R.I.P.: Paul-Marie Lapointe

Ainsi, les rumeurs inquiétantes qui circulaient ce week-end sur son état santé viennent de trouver confirmation: Paul-Marie Lapointe, écrivain et journaliste, s’est donc éteint ce matin à l’aube à l’hôpital Mont Sinaï, à quelques semaines de son 82e anniversaire, le 22 septembre prochain. Authentique monument de la poésie québécoise, le natif de Saint-Félicien au Lac Saint-Jean avait fait paraître, au terme de ses études à l’École des beaux-arts de Montréal, Le Vierge incendié (1948), un premier recueil surréaliste détonnant dans le paysage du Québec d’après-guerre encore que contemporain du fameux manifeste de Borduas et de son groupe, Le Refus global.

Grand amateur de jazz (il ne manquait jamais une occasion de me le rappeler, quand nous nous croisions), Lapointe avait fait de l’écriture automatique et de l’improvisation les pierres angulaires de son art poétique d’une rigueur qui n’avait d’égal que son lyrisme. Relativement imperméable au nationalisme ambiant dans les années 60, sa poésie témoignait d’une grande sensibilité, d’un esprit de révolte libertaire et exprimait son amour profond de la nature. L’ensemble de cette oeuvre avait d’ailleurs valu le prix Athanase-David en 1972 à cet homme de lettres éminemment cultivé qui, parallèlement à sa carrière littéraire, avait occupé de nombreux postes important à la Société Radio-Canada, notamment celui de directeur de la programmation radiophonique. Notons qu’il s’était également vu décerner le prix de l’International Poetry Forum (États-Unis) en 1976, et le Prix Léopold-Senghor (qui récompense une œuvre poétique à l’échelle de la francophonie) en 1998 et le prix Gilles-Corbeil (le «Nobel» québécois) en 1999.

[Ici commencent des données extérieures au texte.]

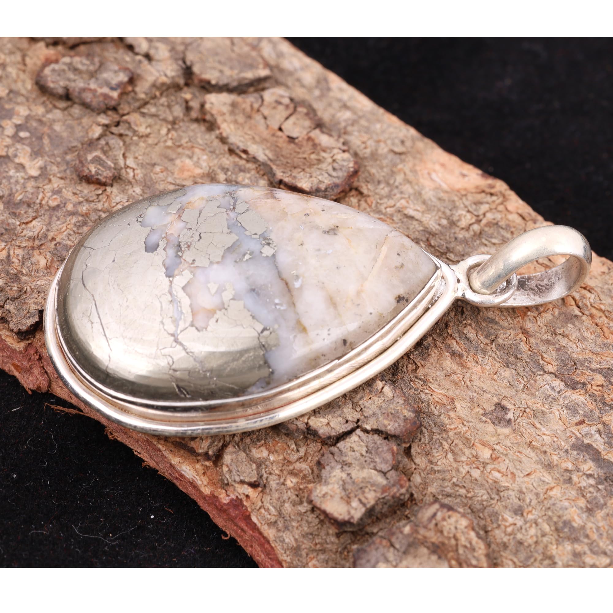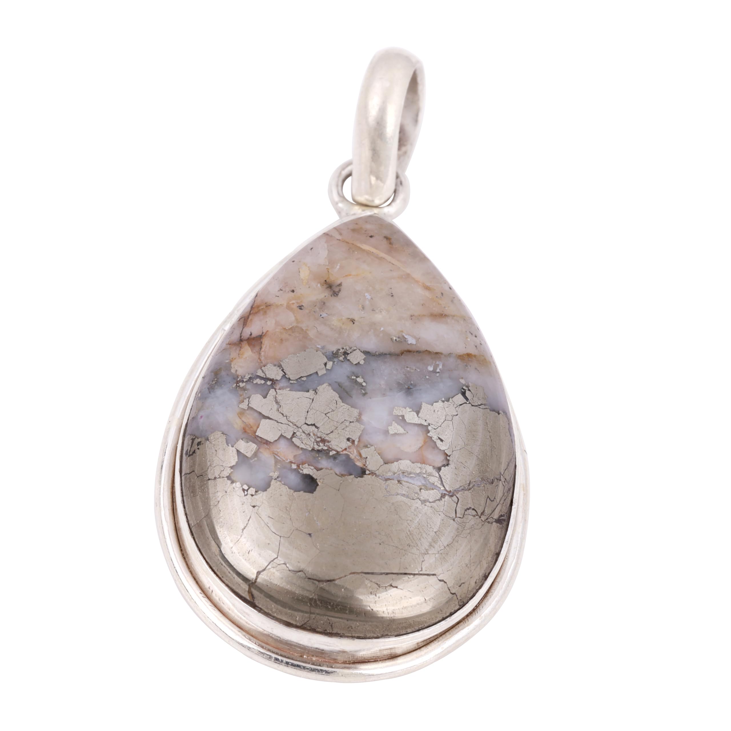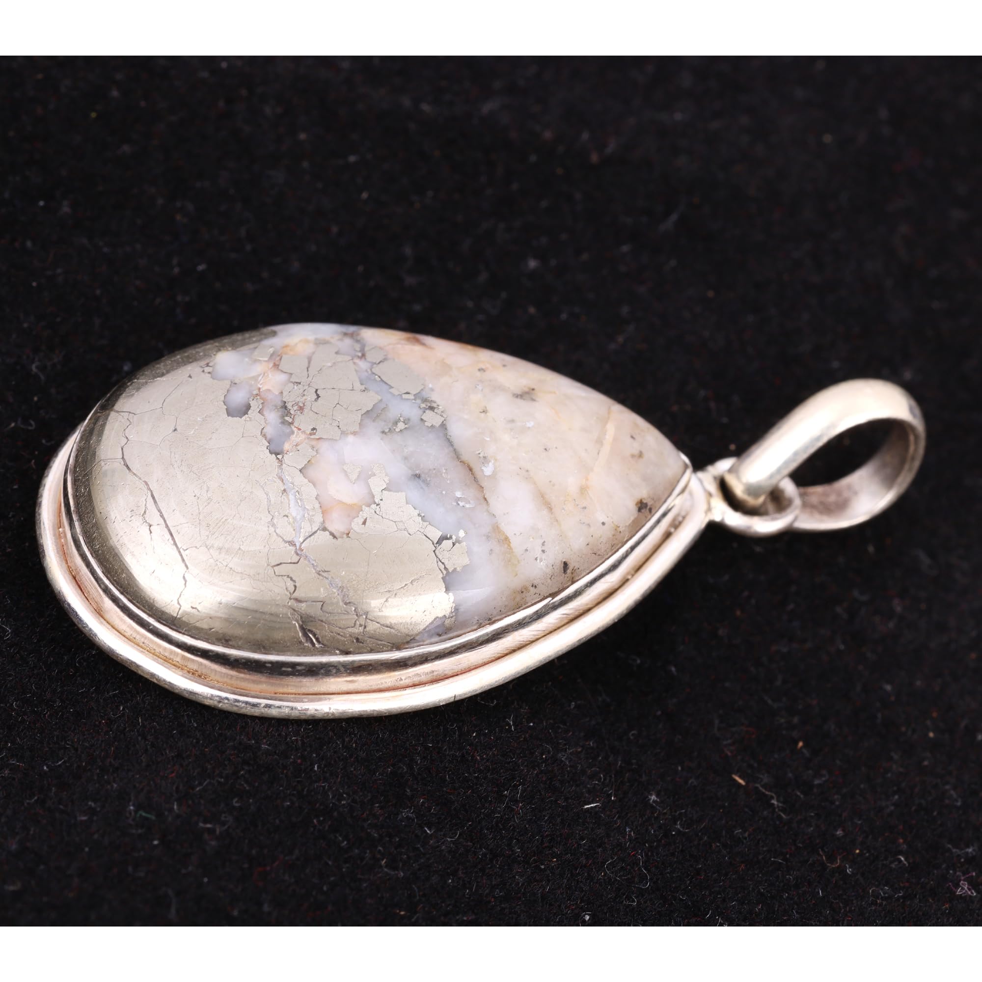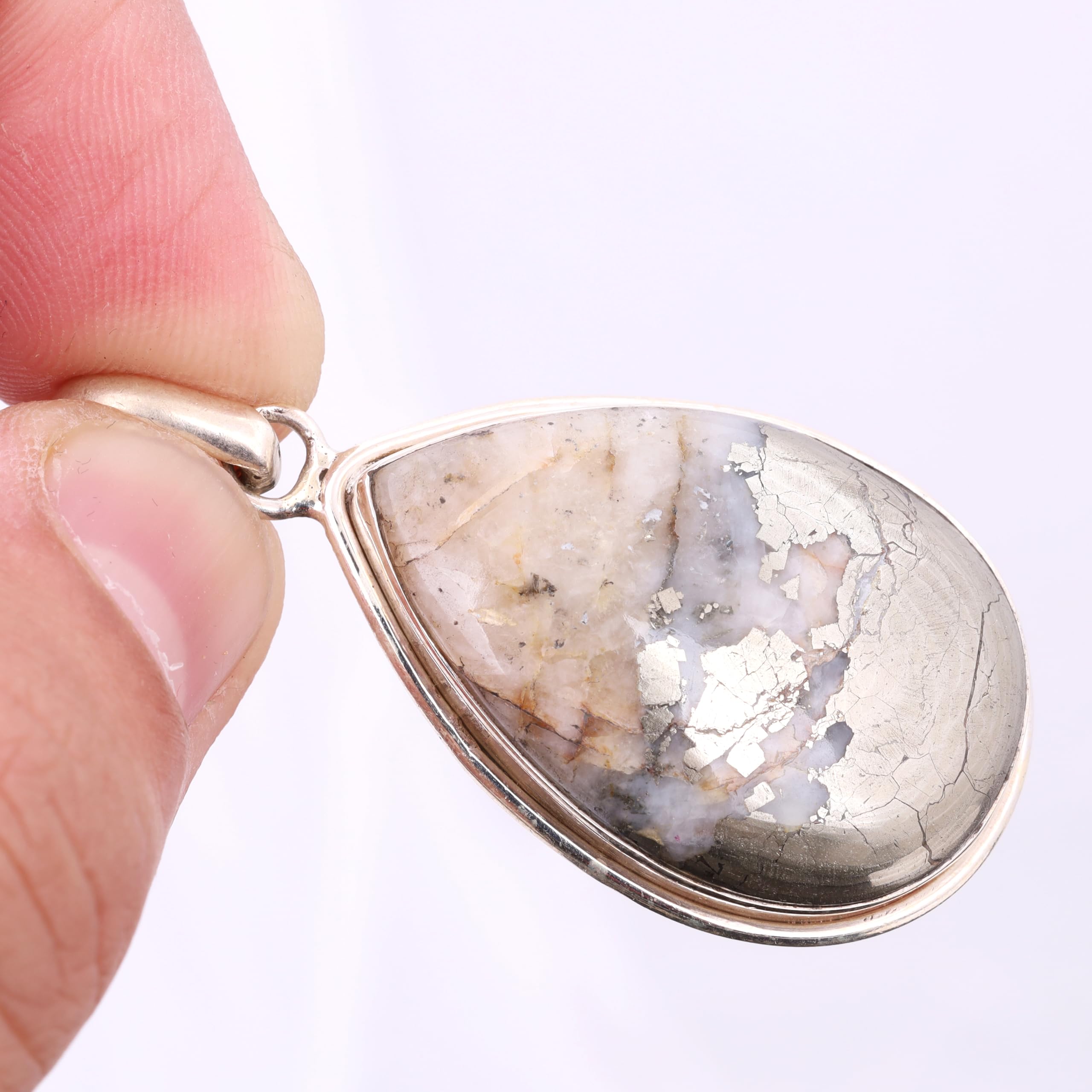 Iron Pyrite Cabochon Pendant, 925 Sterling Silver Pendant Statement Jewelry

Les grands poètes nous quittent sans que personne puisse les remplacer, dire le monde et son insondable mystère de manière aussi personnelle qu’eux. Il va sans dire que j’adresse mes sympathies à ses proches. J’ai un léger pincement au coeur, tandis que je cherche dans le classique incontournable de Lapointe quelques vers pour la circonstance. Tiens, en attendant de trouver plus pertinent, relisons ensemble cet extrait de son poème «Carte postale»:

à la façon des fleurs séchées les anges
habitent des feuillets solitaires
ne les quittent que pour d’austères envols
rares fêtes
missions de ressusciter l’enfance
et le temps de vivre

de telle sorte que se manifeste
épisodique
la mémoire de dieu et les larmes
la misère quotidienne d’être heureux

rien n’est simple
ni l’âme du vieux couple dans le dernier village avant la fin des temps
ni la chaleur d’aimer

August 16th, 2011
Catégorie: Commentaires, Événements, Lectures, Réflexions Catégorie: Aucune

11 commentaires à propos de “R.I.P.: Paul-Marie Lapointe”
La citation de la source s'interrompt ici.